Ketua Politeknik Agraria STPN, Sri Yanti Achmad, menyatakan bahwa institusinya fokus mempersiapkan lulusan yang berminat pada bidang keagrariaan, pertanahan, penataan ruang, hingga aspek kadaster atau pemetaan bidang tanah.
"Bidang-bidang tersebut menjadi fokus pembelajaran yang kami siapkan untuk mendukung kebutuhan pembangunan nasional," ujar Sri Yanti di Gedung Politeknik Agraria STPN, Sleman, D.I. Yogyakarta, Rabu (03/06/2026).
Saat ini, Politeknik Agraria STPN menyelenggarakan empat program studi (prodi) Sarjana Terapan, meliputi:
Sarjana Terapan Pertanahan
Sarjana Terapan Kebijakan dan Manajemen Pendaftaran Tanah
Sarjana Terapan Manajemen Penataan Ruang dan Pertanahan
Sarjana Terapan Survei, Pemetaan dan Informasi Pertanahan
Keempat prodi tersebut dirancang secara spesifik guna menghasilkan lulusan yang menguasai administrasi, hukum pertanahan, pendaftaran tanah, penataan ruang, serta survei dan pemetaan. Kompetensi ini diperkuat dengan kemampuan pengelolaan data spasial serta informasi pertanahan yang esensial bagi penyelenggaraan layanan pertanahan modern.

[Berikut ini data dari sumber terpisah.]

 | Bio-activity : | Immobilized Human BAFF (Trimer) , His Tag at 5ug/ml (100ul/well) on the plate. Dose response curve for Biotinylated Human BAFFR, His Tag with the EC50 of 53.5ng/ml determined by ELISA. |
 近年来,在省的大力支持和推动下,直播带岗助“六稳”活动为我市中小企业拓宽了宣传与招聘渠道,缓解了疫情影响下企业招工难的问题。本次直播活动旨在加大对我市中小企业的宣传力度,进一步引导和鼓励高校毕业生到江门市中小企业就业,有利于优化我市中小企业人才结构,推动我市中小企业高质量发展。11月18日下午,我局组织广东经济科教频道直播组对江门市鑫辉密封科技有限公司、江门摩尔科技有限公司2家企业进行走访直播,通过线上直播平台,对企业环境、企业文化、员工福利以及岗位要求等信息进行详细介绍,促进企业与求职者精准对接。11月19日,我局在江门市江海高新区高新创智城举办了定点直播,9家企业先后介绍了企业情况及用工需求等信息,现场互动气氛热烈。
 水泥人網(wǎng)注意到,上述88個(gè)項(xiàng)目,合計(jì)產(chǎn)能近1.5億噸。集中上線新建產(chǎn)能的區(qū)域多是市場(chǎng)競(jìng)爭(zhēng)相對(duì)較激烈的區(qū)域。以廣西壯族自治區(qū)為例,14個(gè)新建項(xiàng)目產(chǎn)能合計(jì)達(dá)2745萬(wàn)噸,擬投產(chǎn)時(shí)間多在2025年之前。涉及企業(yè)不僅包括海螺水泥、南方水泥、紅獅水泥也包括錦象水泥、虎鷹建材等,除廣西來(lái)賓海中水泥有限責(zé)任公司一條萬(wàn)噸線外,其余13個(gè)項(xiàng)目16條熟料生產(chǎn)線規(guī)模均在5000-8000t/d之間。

Sri Yanti menekankan, keunggulan utama Politeknik Agraria STPN terletak pada integrasi berbagai disiplin ilmu yang berkaitan. Menurutnya, persoalan pertanahan tidak hanya terbatas pada masalah teknis pemetaan dan pengukuran, melainkan mencakup aspek hukum, kepastian subjek dan objek hak atas tanah, tata ruang, perencanaan wilayah, hingga ilmu kebumian. Melalui kurikulum multidisiplin ini, lulusan diharapkan mampu berkontribusi secara komprehensif dalam kebijakan agraria nasional.

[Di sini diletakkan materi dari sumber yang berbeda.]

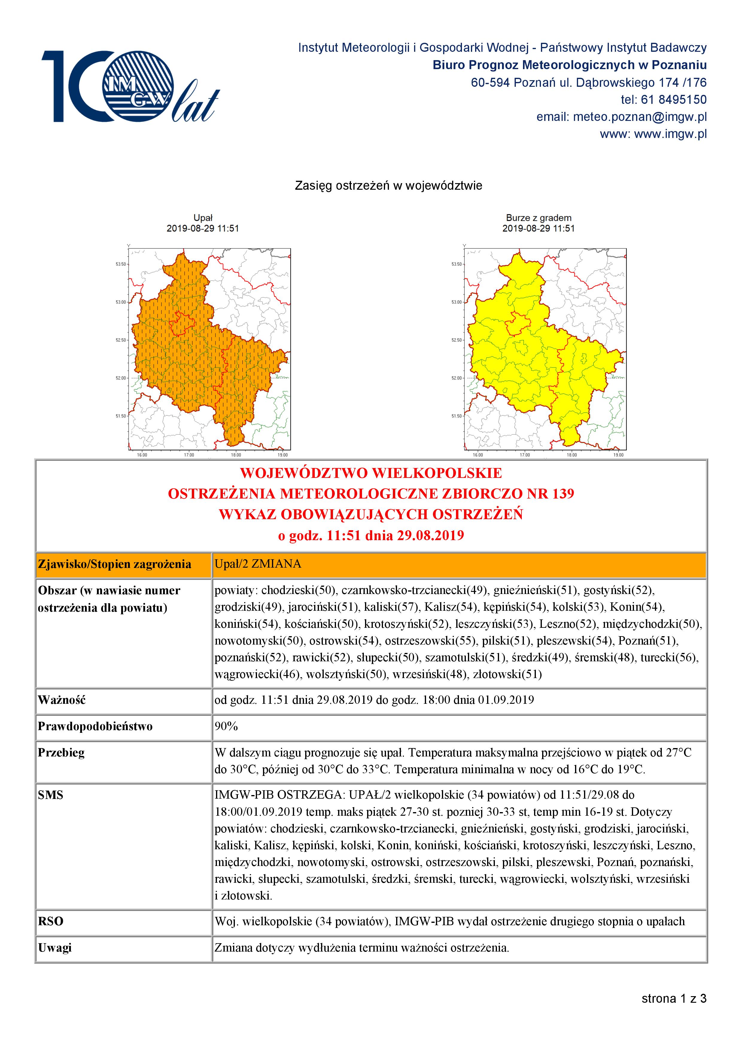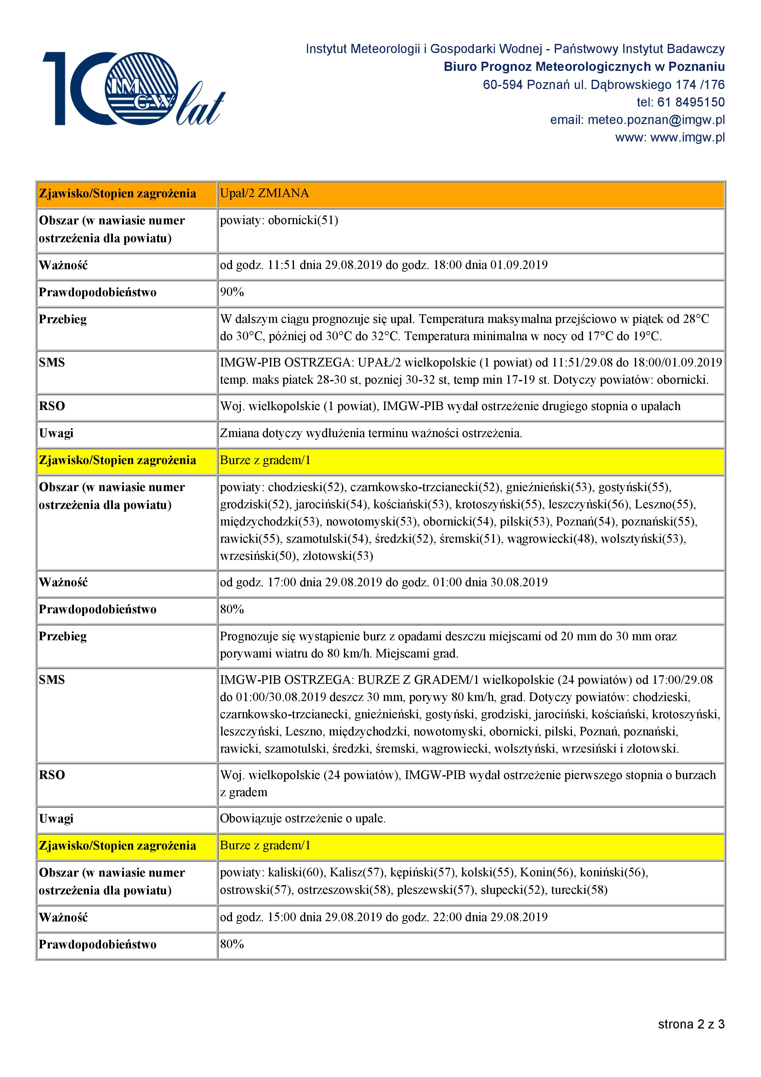 Wojewódzkie Centrum Zarządzania Kryzysowego w Poznaniu ostrzega przed burzami z gradem w dniu 30.08, deszcz 35mm, porywy wiatru do 80 km/h.
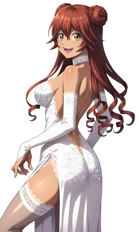 웨딩 드레스: white_wedding_lace-trimmed_strapless_dress, Lupusregina_Beta, double_bun, loose_hair_strand, long_hair, curly_hair, white_choker, lace-trimmed_choker, bare_shoulders, bride, long_dress, white_bridal_gauntlets, navel, white_garter_straps, white_legwear, see-through_legwear, lace-trimmed_legwear, sandals, white_footwear, strappy_heels
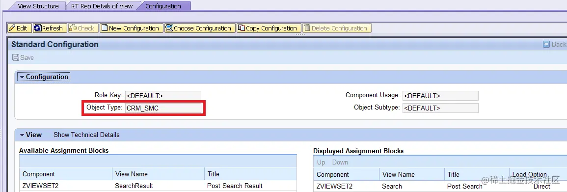 Now we have two UI configurations. The standard configuration will display two assignment blocks by default, the configuration with UI object type = CRM_SMC will only display Search view.

Selain aspek akademis (hard skill), perguruan tinggi ini juga menerapkan sistem pendidikan berasrama. Sistem tersebut difungsikan sebagai sarana pembentukan karakter, integritas, dan kemampuan sosial para taruna.
"Yang kami bangun tidak hanya keterampilan atau hard skill, tetapi juga karakter dan integritas. Itu menjadi bagian penting dalam proses pendidikan di Politeknik Agraria," tegas Sri Yanti.

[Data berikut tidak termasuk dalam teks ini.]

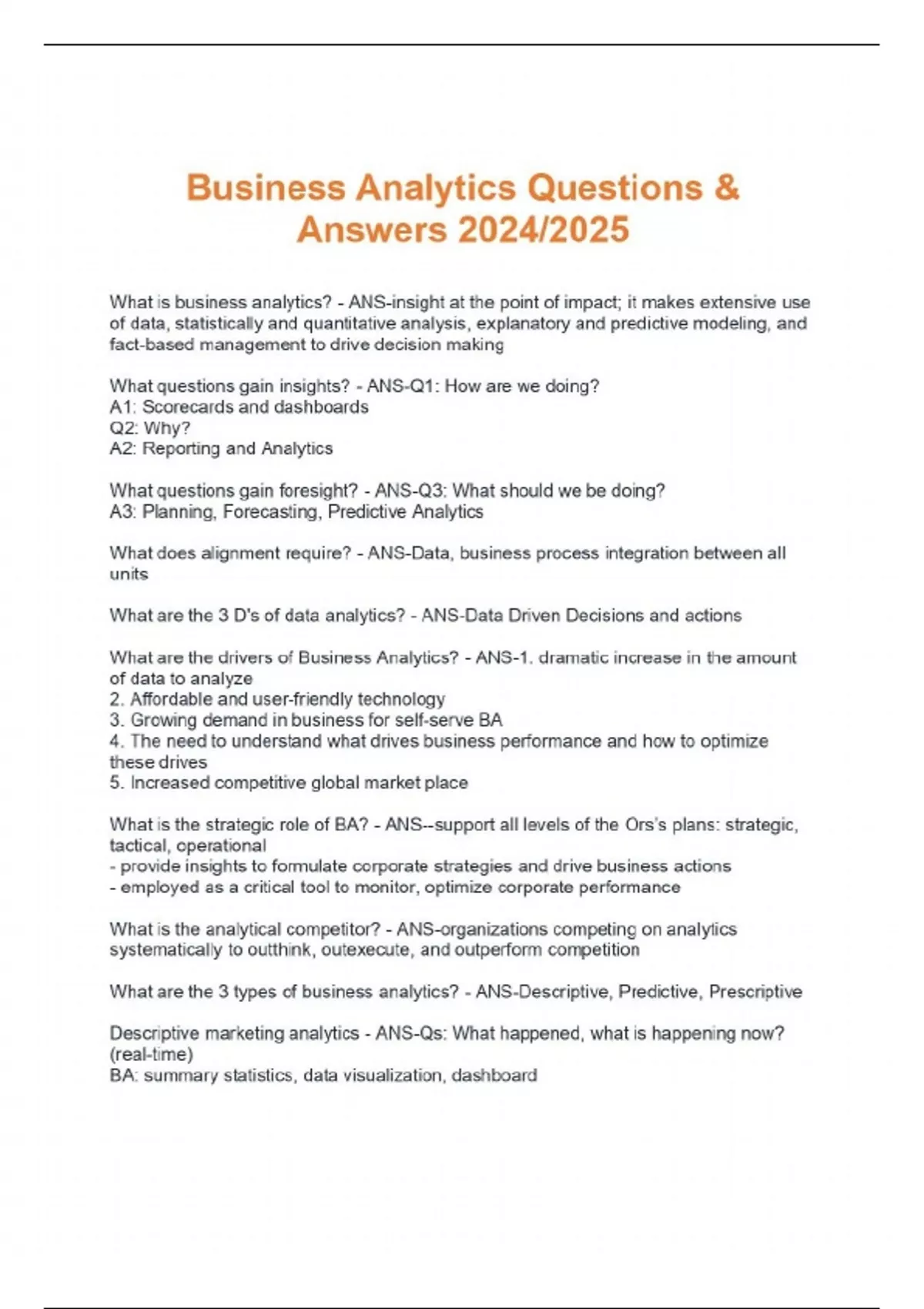 Business Analytics Questions & Answers 2024/2025 What is business analytics? - ANS-insight at the point of impact; it makes extensive use of data, statistically and quantitative analysis, explanatory and predictive modeling, and fact-based management to drive decision making What questions gain insights? - ANS-Q1: How are we doing? A1: Scorecards and dashboards Q2: Why? A2: Reporting and Analytics What questions gain foresight? - ANS-Q3: What should we be doing? A3: Planning, Forecasting, Predictive Analytics What does alignment require? - ANS-Data, business process integration between all units What are the 3 D's of data analytics? - ANS-Data Driven Decisions and actions What are the drivers of Business Analytics? - ANS-1. dramatic increase in the amount of data to analyze 2. Affordable and user-friendly technology 3. Growing demand in business for self-serve BA 4. The need to understand what drives business performance and how to optimize these drives 5. Increased competitive global market place What is the strategic role of BA? - ANS--support all levels of the Ors’s plans: strategic, tactical, operational - provide insights to formulate corporate strategies and drive business actions - employed as a critical tool to monitor, optimize corporate performance What is the analytical competitor? - ANS-organizations competing on analytics systematically to outthink, outexecute, and outperform competition What are the 3 types of business analytics? - ANS-Descriptive, Predictive, Prescriptive Descriptive marketing analytics - ANS-Qs: What happened, what is happening now? (real-time) BA: summary statistics, data visualization, dashboard Predictive marketing analytics - ANS-Qs: What could happen in the future, what trends? (future) BA: Forecasting, regression, predictive model, data mining Prescriptive marketing analytics - ANS-Qs: What is the best action, what should we prescribe? (action) BA: random testing, optimization modeling, simulation What are the 3 levels of BA? - ANS-Past, Present and Future What factors determine the past level of BA? - ANS-New Insight: How and why did it happen? (model) Known Information: What happened? (report) What factors determine the present level of BA? - ANS-New Insight: What's the best action? (recommended) Known Information: What is happening now? (report) What factors determine the future level of BA? - ANS-New Insight: What’s the best and worst that can happen? (predict, optimize, simulate) Known Information: What will happen? (extrapolate) BI vs BA - ANS-BI: measure, monitor against goals (it centric) BA: investigate, explore, discover (business centric) How do you measure the effectiveness of performance management? - ANS-strategy, tactics, operations how do you measure the efficiency of performance management? - ANS-Business process - value to resources What is the performance management process? - ANS-1. Define performance indicators 2. set performance goals 3. measure performance 4. analyze and perform measures 5. decide and act 6. monitor performance Performance Management - ANS-measure and monitor, analyze, decide and act based on past performance data DELTA analytical success factors - ANS-D- High quality data E- Enterprise orientation L- Analytical leadership T- Long-term strategic Target A- Team of Analysts Analytical Capability- Data - ANS-- the prerequisite for analytics - data must be clean, common, integrated and accessible in a central data warehouse - Competitive advantages to use measurements that are distinctive, proprietary and important Analytical Capability- Enterprise - ANS-Successful analytical competitors: - manage their data and analytics program at an enterprise level - create enterprise-wide analytical capabilities and invest in enterprise-scale analytical technologies Analytical Capability- Leadership - ANS-- leaders fully embracing analytics and leading a fact-based decision-making culture - the most critical trait of analytical co Analytical Capabilities- Targets - ANS-- start with a primary target for the initial analytical efforts - over time, the use analytical decision making will expand in an organization - long term success depends on the specific strategic applications Analytical Capability- Analyst - ANS-- key analytical resources: analysts and data -Analytical talent is needed at many levels What are the levels of analytical talent? - ANS-- champions (lead the talent) - Professionals -Semi-Professionals -Amateurs Stages in analytical maturity - ANS-Stage 1: analytically impaired Stage 2: Localized analytics Stage 3: Analytical inspirations Stage 4: Analytical companies Stage 5: Analytic competitors Why must Business and IT departments have a common goal? - ANS-to develop an effective database and analytics function to achieve organizational objectives Business vs IT - ANS-Business: consumers of analytics, decision makers. Want fast, self-serve BA, ad hoc BA IT: Data governance, security, reporting, and BI. Want scalability, build once use many times

Menutup keterangannya, Sri Yanti mengajak para siswa kelas XII SMA atau sederajat untuk mempertimbangkan Politeknik Agraria STPN sebagai kelanjutan pendidikan tinggi mereka guna menjadi bagian dari pembangunan tata ruang masa depan.
Informasi lengkap mengenai persyaratan, jadwal pendaftaran, dan tahapan seleksi penerimaan taruna baru dapat diakses melalui situs resmi stpn.ac.id serta akun media sosial resmi Politeknik Agraria STPN.